De doodssfinx (Acherontia atropos) heeft niet alleen de slechtste reputatie van alle motten, maar van alle lepidoptera. Dit komt vooral door het sinister ogende schedelpatroon dat het siert.
Daarnaast heeft het zwarte en gele dwarsbanden op zijn buik die op ribben lijken. Alsof dat nog niet genoeg is, bedekken de donkere voorvleugels die in rust elke kant van het lichaam bedekken als een cape. Ten slotte laat deze mot een griezelig getjilp horen wanneer hij wordt gestoord. Alles bij elkaar genomen, lijken deze eigenschappen genoeg om angst te wekken bij het bijgelovige publiek, dat haar beschouwt als een voorbode van dood en verlatenheid.
De sfinx van de dood heeft een enge naam
Lepidoptera zijn niet immuun geweest voor het verschijnen van motten als het gaat om het krijgen van namen. De generieke naam Acherontia is afgeleid van Acheron, de rivier van pijn in de onderwereld, beschreven door de Griekse mythologie. Aan de andere kant verwijstÁtropos naar de oudste van de drie schikgodinnen, dochters van Zeus. In de Griekse mythologie was Atropos degene die het mechanisme van de dood koos en het leven van elke sterveling beëindigde door de draad door te knippen met zijn hatelijke schaar.

In de moderne mythologie v alt ook de sfinx van de dood op
De Acherontia atropos-mot is beroemd omdat het een van de insecten was die graaf Dracula naar zijn slaaf Renfield stuurde. Dit in de klassieke gotische roman van Bram Stoker.
Meer recent verwierf deze mot bekendheid vanwege zijn rol in het boek The Silence of the Lambs van Thomas Harris, waarin de moordenaar een pop van deze soort in de mond van elk van zijn slachtoffers plaatste.
Realiteit is vreemder dan fictie
Opgemerkt moet worden dat de biologische feiten in verband met deze motten misschien vreemder zijn dan fictie. Er zijn geverifieerde verslagen van de doodssfinx die bloemen bezoekt om nectar te verkrijgen.
Er is ook een verslag van de mot die in fruit boort en zich voedt met het sap dat uit gewonde bomen komt. Het geslacht staat echter bekend om een heel ander en uniek voedingssyndroom voor volwassenen: het aanvallen van bijenkolonies en het stelen van hun honing.
Om deze diefstal uit te voeren, bezit de volwassen doodssfinx talloze aanpassingen waardoor hij kan overleven wat lijkt op een suïcidale levensstijl.
- Zijn poten zijn kort en dik, met goed ontwikkelde klauwen, om beweging tussen cellen te vergemakkelijken.

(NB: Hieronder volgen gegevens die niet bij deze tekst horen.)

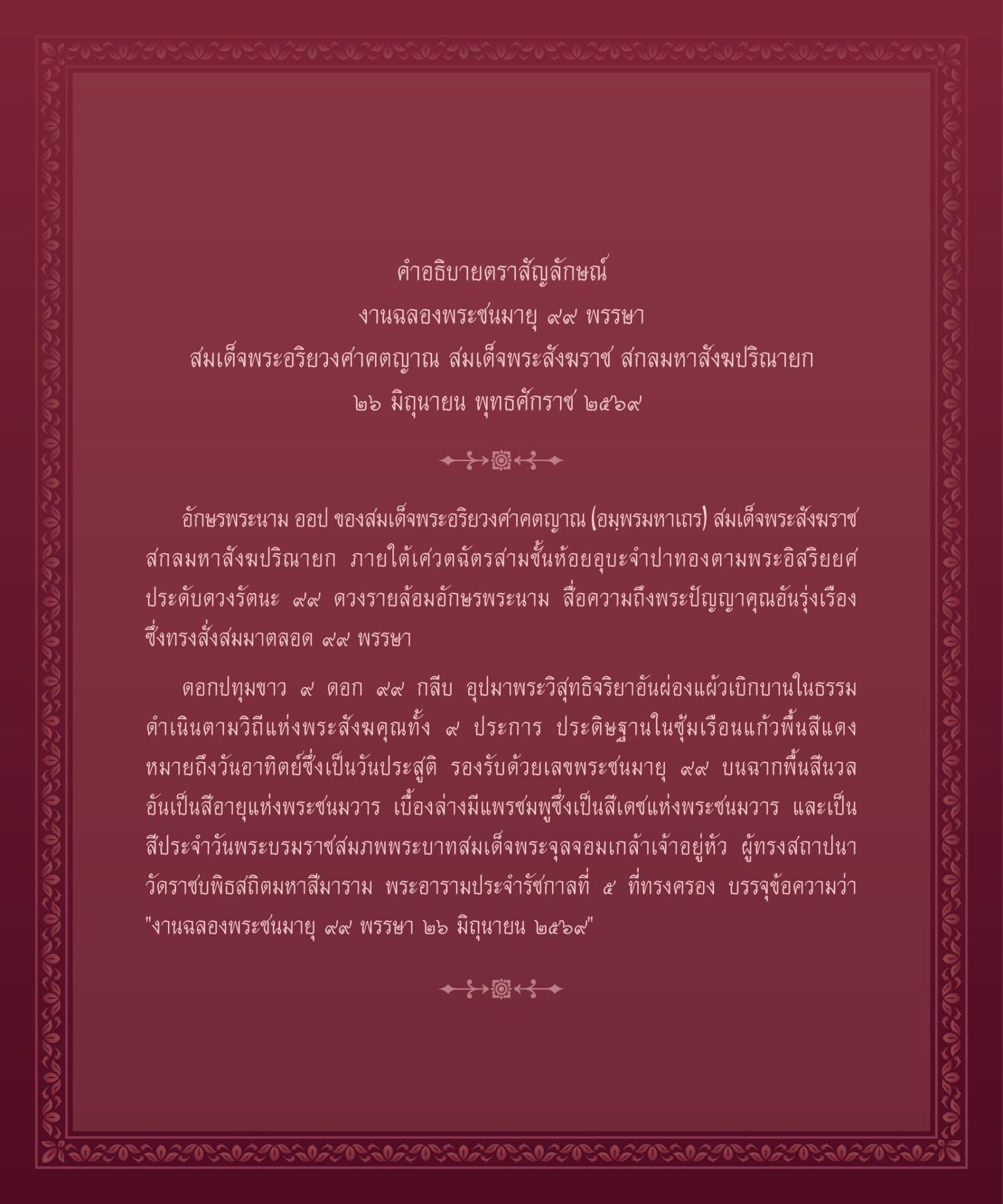 28 กุมภาพันธ์ 2569 - เพจเฟซบุ๊ก สำนักงานเลขานุการสมเด็จพระสังฆราช เผยแพร่ตราสัญลักษณ์งานฉลองพระชนมายุ 99 พรรษา สมเด็จพระอริยวงศาคตญาณ สมเด็จพระสังฆราช สกลมหาสังฆปริณายก 26 มิถุนายน พุทธศักราช 2569

- Het lichaam is zwaar gesclerotiseerd en bedekt met dichte schubben om te beschermen tegen stekende aanvallen van werkbijen.
- Bovendien lijkt de mot enige weerstand te hebben tegen bijengif.webp.

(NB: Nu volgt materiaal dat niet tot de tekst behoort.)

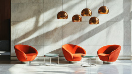 A modern lounge area featuring stylish orange chairs and elegant pendant lighting. This vibrant space is perfect for relaxation or casual meetings.
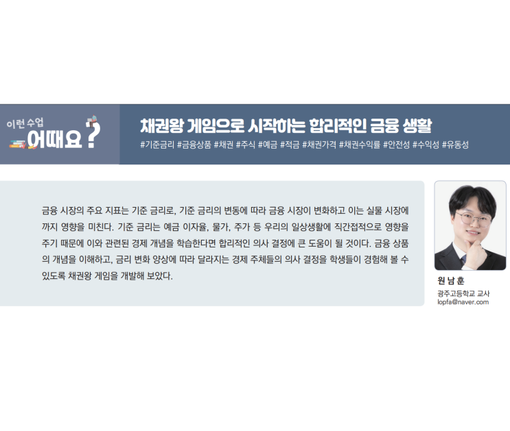 채권왕 게임으로 시작하는 합리적인 금융생활 제가 개발에 참여한 수업자료가 나왔습니다!! 자료 받기 기획...
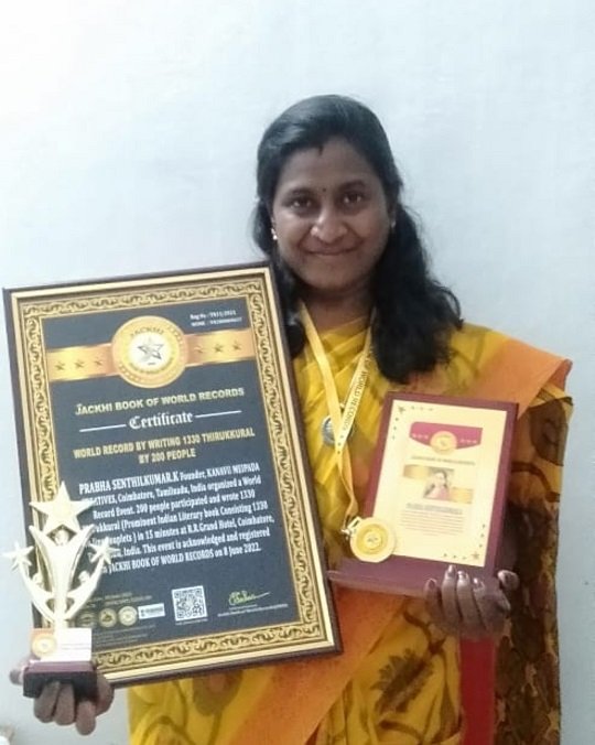 PRABHA SENTHILKUMAR.K Founder, KANAVU MEIPADA CREATIVES, Coimbatore, Tamilnadu, India organized a World Record Event. 200 people participated and wrote 1330 Thirukkural (Prominent Indian Literary book Consisting 1330 two line couplets ) in 15 minutes at R.R.Grand Hotel, Coimbatore, Tamilnadu,India. This event is acknowledged and registered in JACKHI BOOK OF WORLD RECORDS on 8 June 2022.

- Tot slot, in plaats van lang en dun te zijn, is de proboscis van de doodssfinx kort, stevig en puntig om hem door verstopte honingcellen te laten gaan en stroperige honing te absorberen.
De sfinx van de dood intimideert of hypnotiseert ook met zijn getjilp
Volwassen doodssfinx kan harde geluiden maken, een gedrag dat algemeen bekend staat als "tjilpen" . Natuurlijk tjilpen motten luid wanneer ze worden gestoord of gehanteerd, maar ze maken deze geluiden ook continu wanneer ze honingbijenkolonies aanvallen.
Deze piepjes lijken enigszins op de geluiden die worden geproduceerd door bijenkoninginnen. Aangenomen wordt dat de geluiden, die als trillingen door de kam worden overgebracht, een bevriezingsreactie bij werkbijen veroorzaken. Dit heeft geleid tot het vermoeden dat volwassen sfinxen akoestisch de bijenkoningin nabootsen en werkbijen kalmeren door deze bevriezingsreactie op te wekken.
Daar aangekomen doorboort zijn korte, stevige hoorn gemakkelijk de gevulde cellen. Maar af en toe, volgepropt met honing, merkt ze dat ze niet in staat is om uit de nauwe ingang te komen. Dus wordt ze verstikt door een bende boze bijen. In zulke gevallen bedekken de bijen het lichaam met propolis, een zoete dood.

Absoluut, de dodelijke sfinx veroorzaakt genoeg schade in bijenkorven om als een grote bijenplaag te worden beschouwd. Deze soort wordt als een bedreiging beschouwd in uiteenlopende landen als Italië, Saoedi-Arabië en Zuid-Afrika.